An uncomfortable minimum wage column

President Joe Biden is pushing to increase the federal minimum wage to $15 as part of another COVID-19 relief package. Republicans have sounded the alarm, and Democrats don’t see why their political counterparts refuse to see the wage hike as an unmitigated good. Like most policy issues, it’s more complicated than the partisan spin makes it sound. 

The wage hike will not result in $38 burritos at Taco Bell. The restaurant chain confirmed as much to Politifact, “At our company-owned restaurants in New York City, where the minimum wage is $15 an hour, our Bean Burrito is $1.89 plus tax and Crunchwrap Supreme is $4.49 plus tax.” Rest easy. Mandatory wage increases do not necessarily result in massively expensive heartburn delivery mechanisms.  

The minimum wage does have a practical impact on hiring decisions. It is the lowest entry point to engage labor. If an employer needs someone to sweep and mop the floors, it might be worth hiring someone at $7.25 an hour for the task. At $15 dollars an hour, the manager might allocate the task across several existing employees and not hire anyone. Their workload goes up, but it’s not clear that pay would follow, especially if those workers are already above the minimum wage threshold. That may not be a problem for a large retailer like Amazon that already pays higher wages, but it definitely forces tough choices for smaller employers.

The nonpartisan Congressional Budget Office (CBO) has studied various minimum wage proposals, and both Democrats and Republicans like to cherry pick the information that fits their respective narratives. Yes, the CBO does find that “1.3 million workers who would otherwise be employed would be jobless” under a $15 minimum wage. It also concludes “the $15 option would increase the wages of 17 million workers whose wages would otherwise be below $15 per hour.” The report determines that overall family income would slightly decrease. 

It’s almost as if economic realities don’t respond conveniently to political narratives. 

Hiking the minimum wage does mean higher pay for millions of workers, but it also means that up to 3.7 million (the CBO’s high-end estimate) might lose their jobs. That’s the real tradeoff we’re talking about. Supporters of a higher minimum wage should stop acting like it’s an unmitigated good, and opponents ought to be honest that it would absolutely increase incomes for some lower-income workers. 

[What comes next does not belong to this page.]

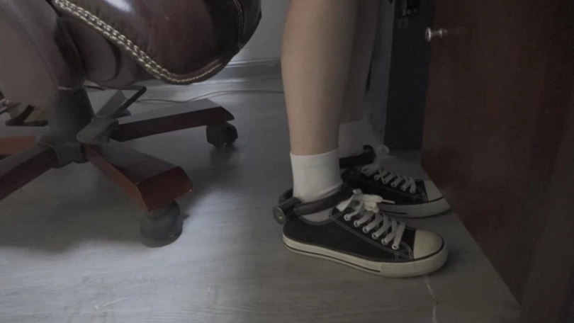 (突然,小明走了进来!珊珊吓得赶紧把戴着手铐脚镣的手脚藏起来!)

But what about the machines? 

We’ve all seen the memes of various automated ordering kiosks being the “new” $15 minimum wage employee. Saavy businesses will always look for more efficient operational choices, but that doesn’t always hurt workers. A 2017 McKinsey & Company study found, “employment and productivity both grew in 95 percent of rolling three-year periods and 100 percent of rolling 10-year periods since 1960.” In other words, technological advances across American history haven’t meant fewer jobs. Amazon’s Alexa is nice, but she can’t fill the shoes of the average Chick-fil-A employee with a smile on her face. 

While the minimum wage is billed as an effort to address poverty, income inequality is the real problem. According to CBO, average household income after federal taxes and means-tested federal program transfers was $35,900 for the lowest 20% and $229,700 for the highest. That’s a big difference, and it expands rapidly towards the opposing ends of the income spectrum. 

It might seem strange for a conservative to discuss income inequality, but it’s essential to protect a free marketplace. Absolute wage equality would remove powerful incentives to work hard and take economic risks, but being mindful about corporate income distribution is smart politics. Members of Congress who champion free markets should encourage. When companies take care of their workers in terms of benefits and do what they can to increase take home pay, workers thrive, their families are better off, and the average worker has an incentive to defend an employer against government encroachment. 

Progressives tend to take a more skeptical view that corporations will almost always prioritize shareholders over employees. When businesses don’t focus sufficiently on workers, their lives are more difficult. When laborers see the handful of folks at the top of the organization chart with fat pockets, politicians have a far easier time promoting themselves as champions of the little guy with a government cudgel. 

Thinking of the minimum wage in that context puts some options on the table. If the pain point is mostly for small businesses, why not offset the minimum wage increase with a corresponding tax reduction for the entities most economically harmed by it? If the logic is that the increase makes lower-income Americans less reliant on government social services, it’s a tradeoff that might make sense. Better yet, simplify and expand the Earned Income Tax Credit and let most average families keep more of the money they already earn.  

The uncomfortable reality is that increasing the minimum wage to $15 isn’t as impactful at creating entry-level jobs, moving people out of poverty, or helping families thrive as we’d like it to be. If we want to make real progress on those issues, we must expect more from our elected employees in Congress who make a lot more than the bare minimum. 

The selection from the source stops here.